2.4.8. Days out of role

Days out of role (full and partial) were measured by two items; the first assessing number of days out of role: “In the last 30 days, how many days were you totally unable to work, study, or manage your day-to-day activities because of emotional problems (such as feeling depressed or anxious)?” and the second assessing partial days out of role “Aside from those days, in the last 30 days, how many days were you able to work, study, or manage your day-to-day activities but had to cut back on what you did or did not get as much done as usual because of emotional problems?”

2.4.9. Depression stigma

The Depression Stigma Scale [DSS (Griffiths et al., 2006)] was used to assess stigmatizing attitudes towards depression. Respondents are asked to indicate their level of agreement with each of nine statements about depression using a 5-point Likert scale (strongly disagree = 0, strongly agree = 4). Scores are summed, with total scale scores ranging from 0 to 36, and higher scores indicate higher levels of personal stigma about depression. Example items include “People with depression could snap out of it if they wanted” and “Depression is not a real medical illness”. The DSS has demonstrated good internal consistency and validity (Griffiths et al., 2006). The current study alpha for the DSS at baseline was 0.77.
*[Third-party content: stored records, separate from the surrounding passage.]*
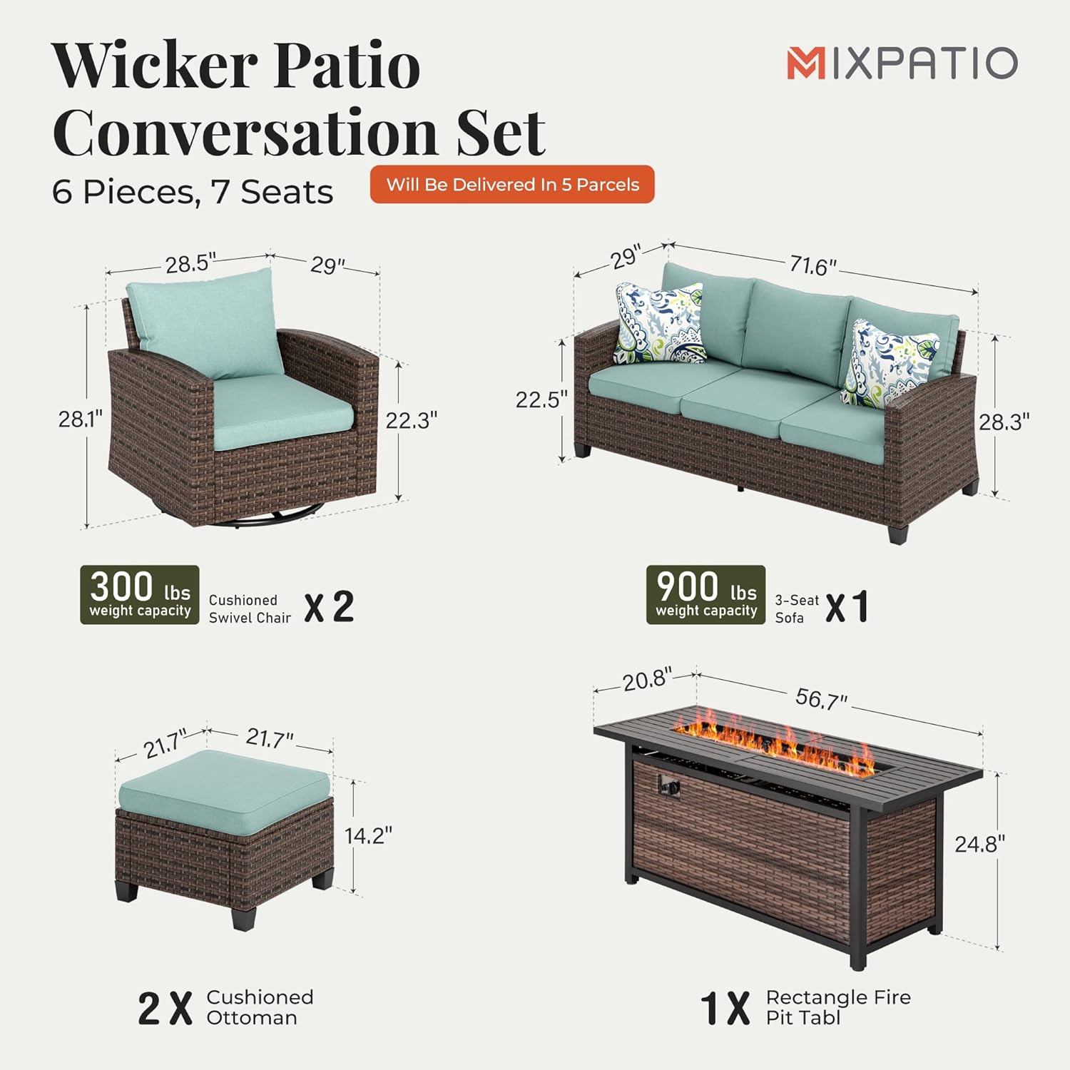 Write an article in French about: Swivel Glider Patio Furniture Set, 6 Pcs Wicker Rattan Outdoor Conversation Set, 2 x Swivel Chairs, 1 x 3 Seater Sofa and 2 x Ottoman with 4″ Thick Cushion and 56″ Fire Pit Table, Blue In English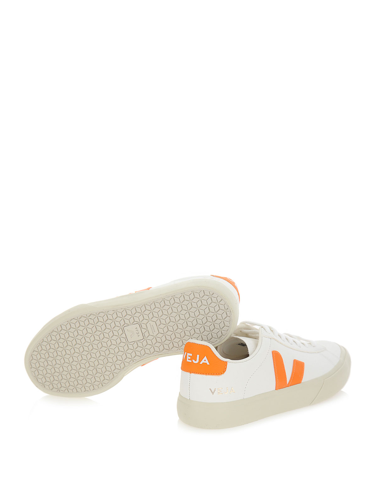 campo fury leather sneakers in multi white, campo model sneakers with round toe and classic lacing with coordinated laces. v rubberized effect logo in contrasting fluorescent orange color applied on the side. back heel in contrasting color leather with printed logo. logo engraved on the front tongue and on the back heel. removable insole and rubber sole. these shoes were made with an innovative tanning process, free of chromium, heavy metals or dangerous acids, limiting the use of chemicals and reducing energy consumption., regular fit, round toe, coordinated laces, rubberised logo, leather heel, removable insole, rubber sole, colour: white, multi, 100% chrome-free leather.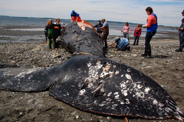Several groups, including Cascadia Research, the state Department of Fish and Wildlife and the Central Puget Sound Marine Mammal Stranding Network spent much of Monday necropsying the whale.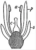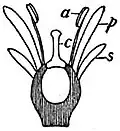 Fig. 22.—Flower of Sedum rubens. s, Sepals; p, petals; a, stamens; c, carpels. | |||||||||||||||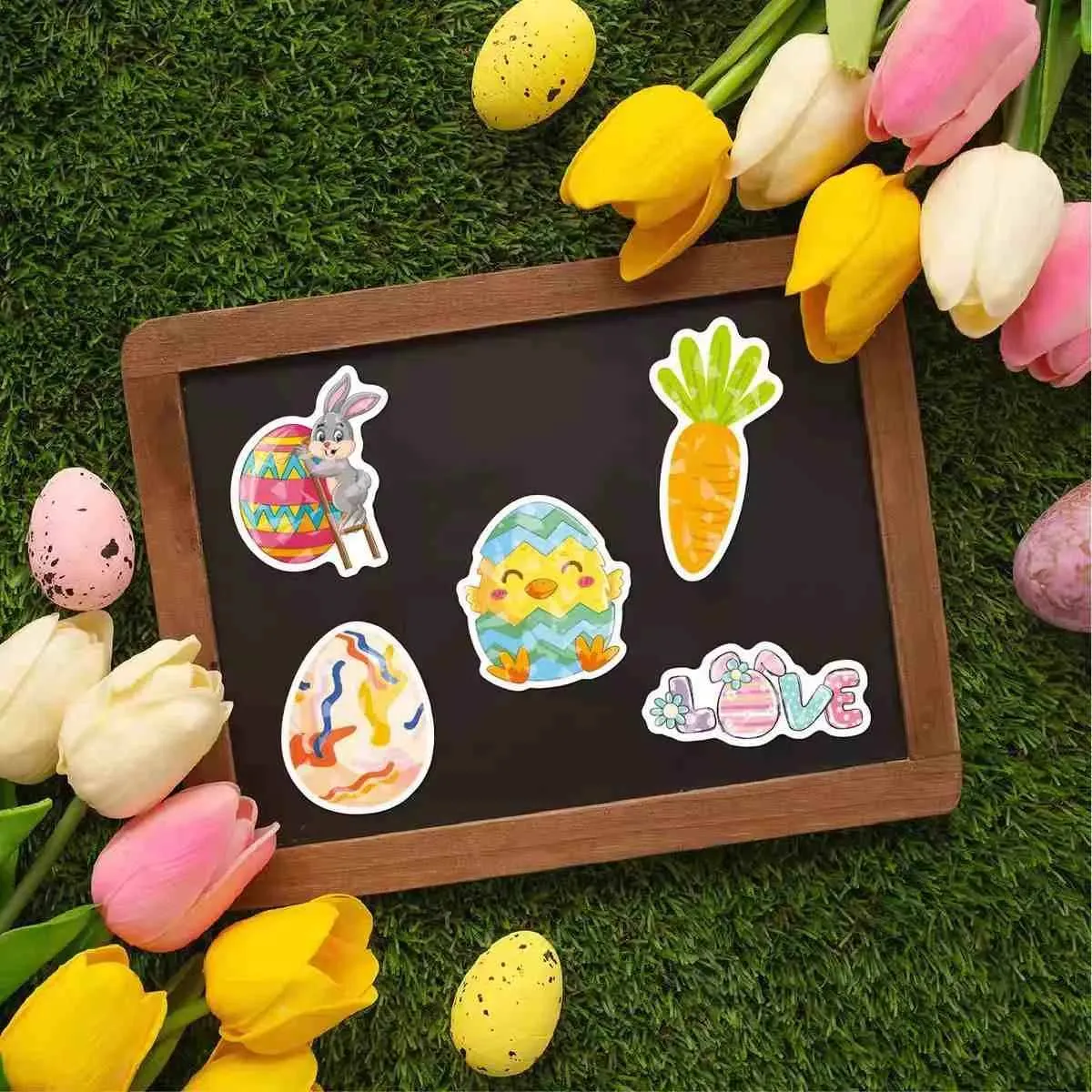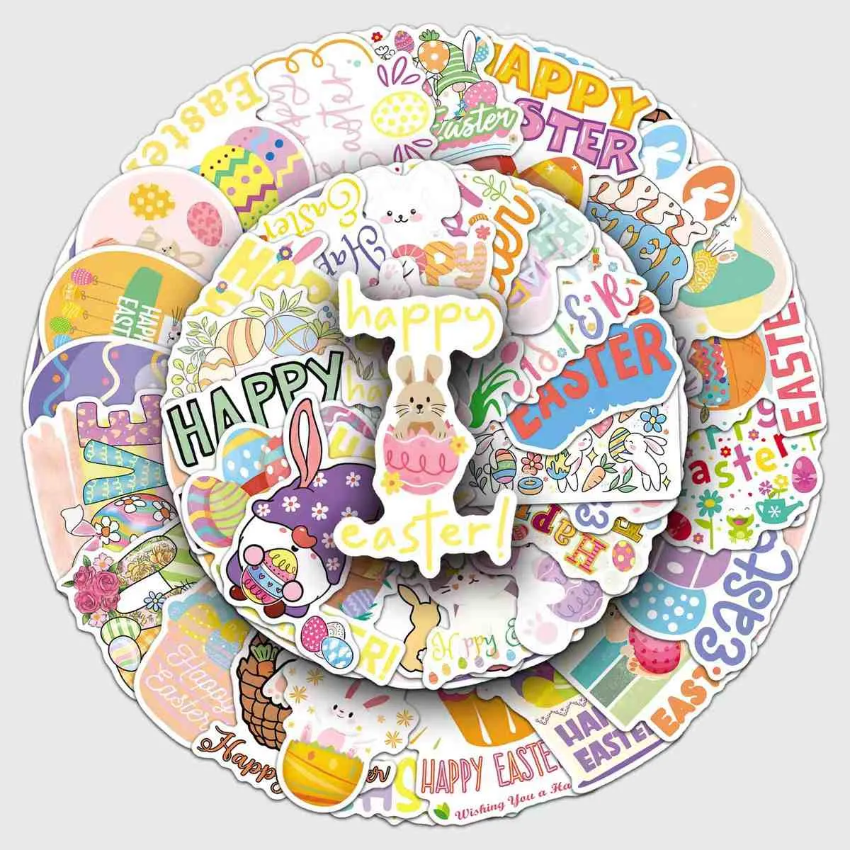 Suitable for various Easter uses: small stickers for eggs or chocolate shells, medium for gift boxes and baskets, and large for window displays. Removes easily without residue from surfaces like glass, plastic, or wood.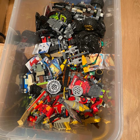 LEGO NINJAGO LEGO klodser og sæt i forskellige størrelser og farver. Indeholder diverse byggeelementer, figurer og tilbehør. Egnet til børn og samlere, der ønsker at bygge og udvide deres LEGO NINJAGO samling. Der er 4 kasser der vejer 24, 751 kg fratrukket kassernes vægt som er 2,8 kg i alt. Således 24 kg løst Lego og 751 gram. Så er der tre uåbnet kasser en star wars obi-wan kenobi, en architecture trafalgar square. En Lego creator med en lastbil og to fly. Forsøger at finde en kilopris med det er tilsyneladende ikke så nemt. Der er meget jurrasic og ninja.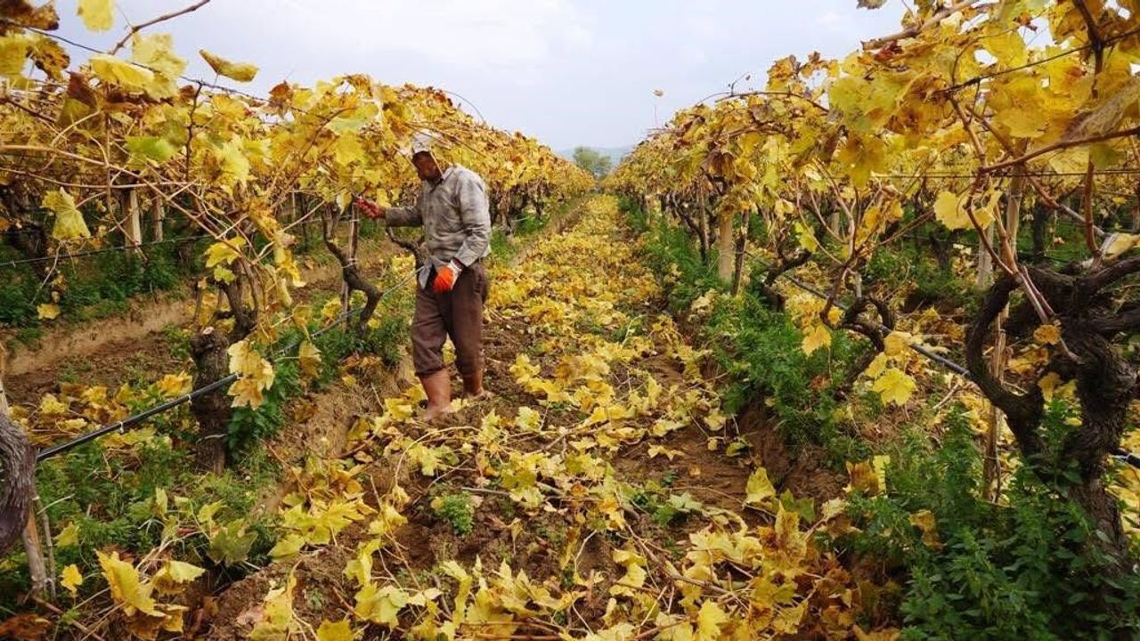 Örtü altında uzun süre kalan bağlarda yaprakların sararmasıyla oluşan görüntünün çalışmaya ayrı bir huzur kattığını belirten budama işçileri, 'Bu güzellik içinde çalışmak bizlere huzur veriyor. Bağ yapraklarının sapsarı ve kahverengiye bürünen hali görülmeye değer' ifadelerini kullandı.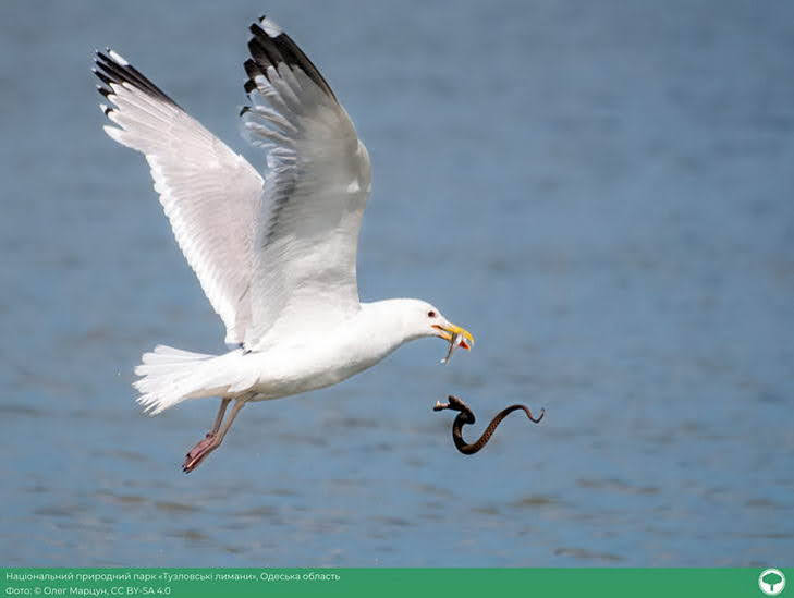 «На озере Малый Сасык, в Тузловских лиманах, я наткнулся на настоящий «ужай шведский стол». Десятки водяных уже то тут, то там следовали с уловом — кто с бычком, кто с камбалой, а кто и с карасиком, как с трофеем года. И именно один такой герой поймал достаточно большого карася. Змей удивления достоин: держит добычу, как чемпион, но проглотил ли он того гиганта – загадка. Нырнул в воду и больше не показался. В память оставил только эту фотографию», — рассказал автор фото Олег Марцун.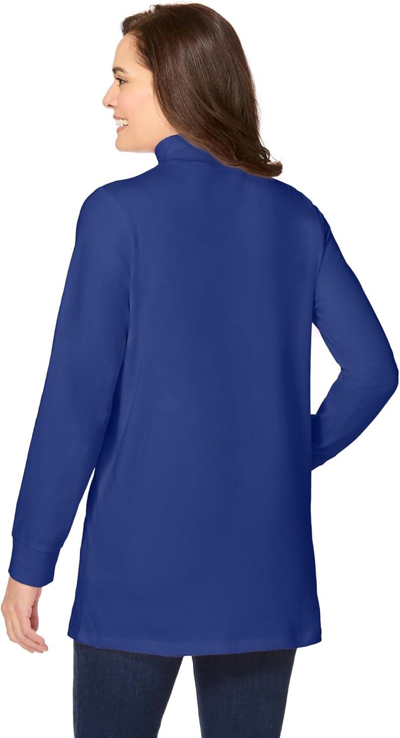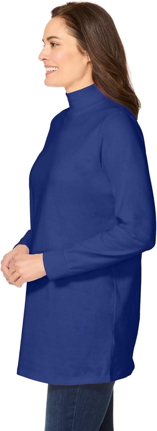 Woman Within Plus Size Perfect Long-Sleeve Mockneck Tee (Petite Available)(Ultra Blue)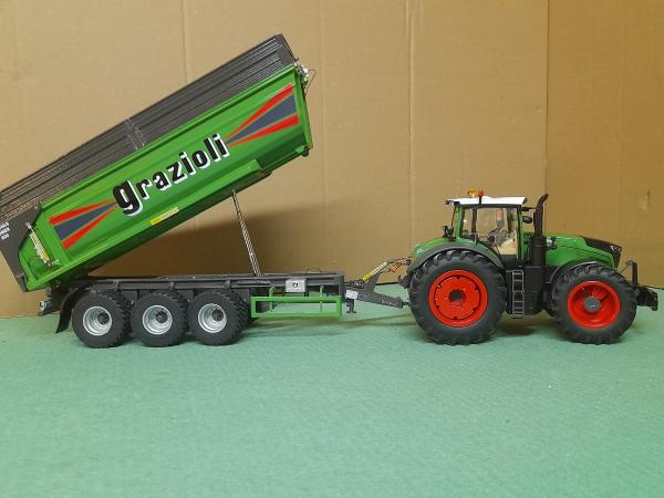 BENNE GRAZIOLI COULEUR FENDT 2 ESSIEUX DIRECTIONNELS .REHAUSSE FIXES BS 340/3 DOMEX 800 +FENDT VARIO 1050 WIKING 1.3/2 ROUES ET PNEUS AUGMENTES PHARES DE ROUTE ET DE TRAVAIL MODIFIES ANTENNE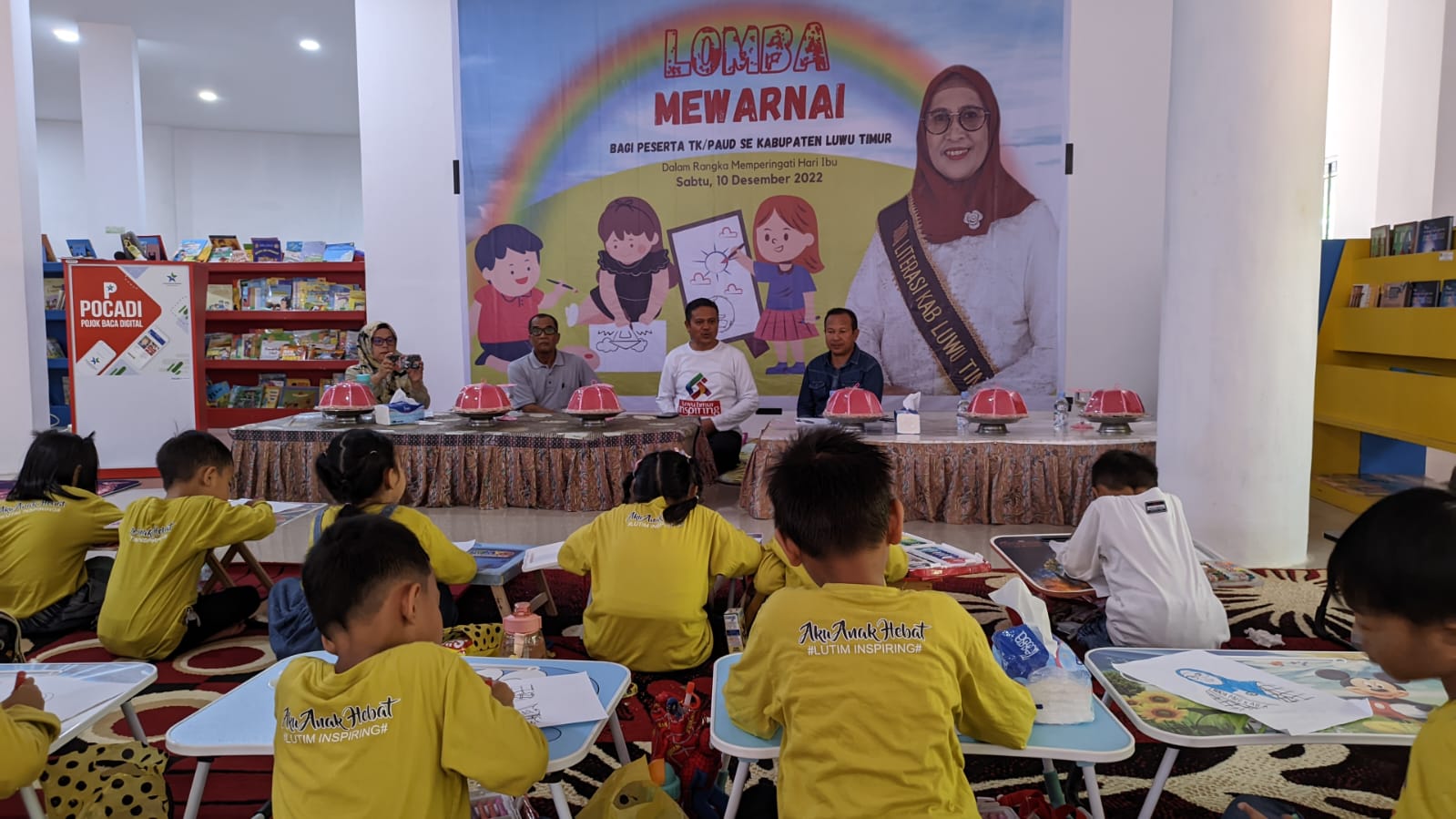 REPUBLIKNEWS.CO.ID, LUWU TIMUR- Ratusan anak didik tingkat Taman Kanak-kanak (TK) dan Sekolah Dasar (SD) se-Kabupaten Luwu Timur (Lutim) mengikuti lomba menggambar dan mewarnai di Gedung Perpustakaan Kabupaten Luwu Timur, Minggu (11/12/2022).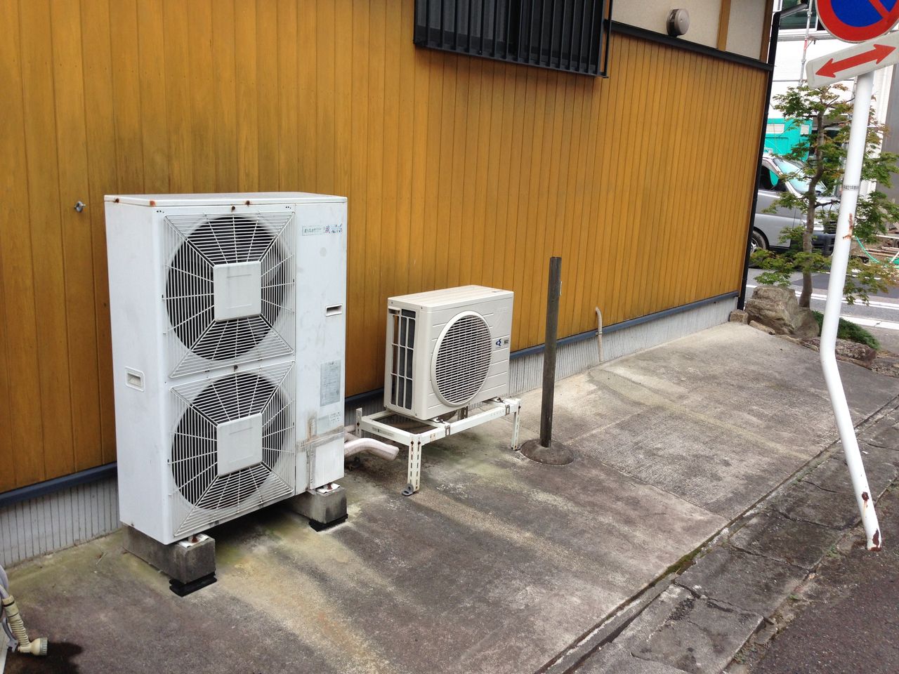 お店の建替え前から使用されていて古くなったエアコンで調子もわるいため、取替えを決められました。

2.4.10. Help-seeking attitudes

Attitudes to seeking professional psychological treatment were assessed using five items with updated language and wording (Calear et al., 2014) from the short form of the Attitudes Towards Seeking Professional Psychological Help scale [ATSPPH-SF (Fischer and Farina, 1995)]. Reverse-scored items on this scale did not load very well on a single factor; thus, these items from the original scale were removed, with the remaining five items retained (items 1, 3, 5, 6, 7). Each of the five items asks respondents to rate their view on statements about psychological treatment using a 4-point Likert scale (Disagree = 0, Agree = 3). Scores on the 5-item abbreviated scale range from 0 to 15, with higher scores indicating more positive attitudes towards seeking professional help. An example item includes “If I was having personal or emotional problems, the first thing I would do is seek professional help”. The original 10-item scale has previously shown sound psychometric properties (Fischer and Farina, 1995; Elhai et al., 2008; Calear et al., 2014). The current study alpha for the 5-item scale was 0.72 at baseline.

2.4.11. Personality

Personality characteristics were measured using the Mini-IPIP, which is a short (20-item) version of the larger International Personality Item Pool [IPIP, (Donnellan et al., 2006)]. The Mini-IPIP scale comprises 4 items each assessing one of the Big Five personality traits: Extraversion (example item: “I am the life of the party”), Agreeableness (e.g., “I sympathize with others' feelings”), Conscientiousness (e.g., “I get chores done right away”), Neuroticism (e.g., “I have frequent mood swings”), and Intellect/Imagination/Openness (e.g., “I have a vivid imagination”). Respondents are asked to rate how well each item describes them personally on a 5-point scale ranging from very inaccurate (1) to very accurate (5). Scores for each item are summed to produce a total score ranging from 0 to 20 on each sub-scale. The Mini-IPIP has demonstrated good reliability and validity (Donnellan et al., 2006). Acceptable alpha for the Mini-IPIP is lower than for the full scale at approximately 0.60 or above (Donnellan et al., 2006). In the current study, the alpha scores were as follows: Extraversion (0.79), Agreeableness (0.74), Conscientiousness (0.66), Neuroticism (0.59), and Intellect/Imagination/Openness (0.75).

2.5. Analyses

Whilst there are different ways of measuring the concepts of uptake, adherence, and acceptability of internet interventions, in this study acceptability of internet-based psychological programs was measured using the UTAUT, uptake was defined as accessing at least one therapeutic module of the program (0 modules/1–14 modules), and adherence was assessed by using the number of modules completed of myCompass 2 during the 7-week intervention period (0 modules/1 module/2–14 modules). We selected module completion as it captured the dosage of therapeutic content received.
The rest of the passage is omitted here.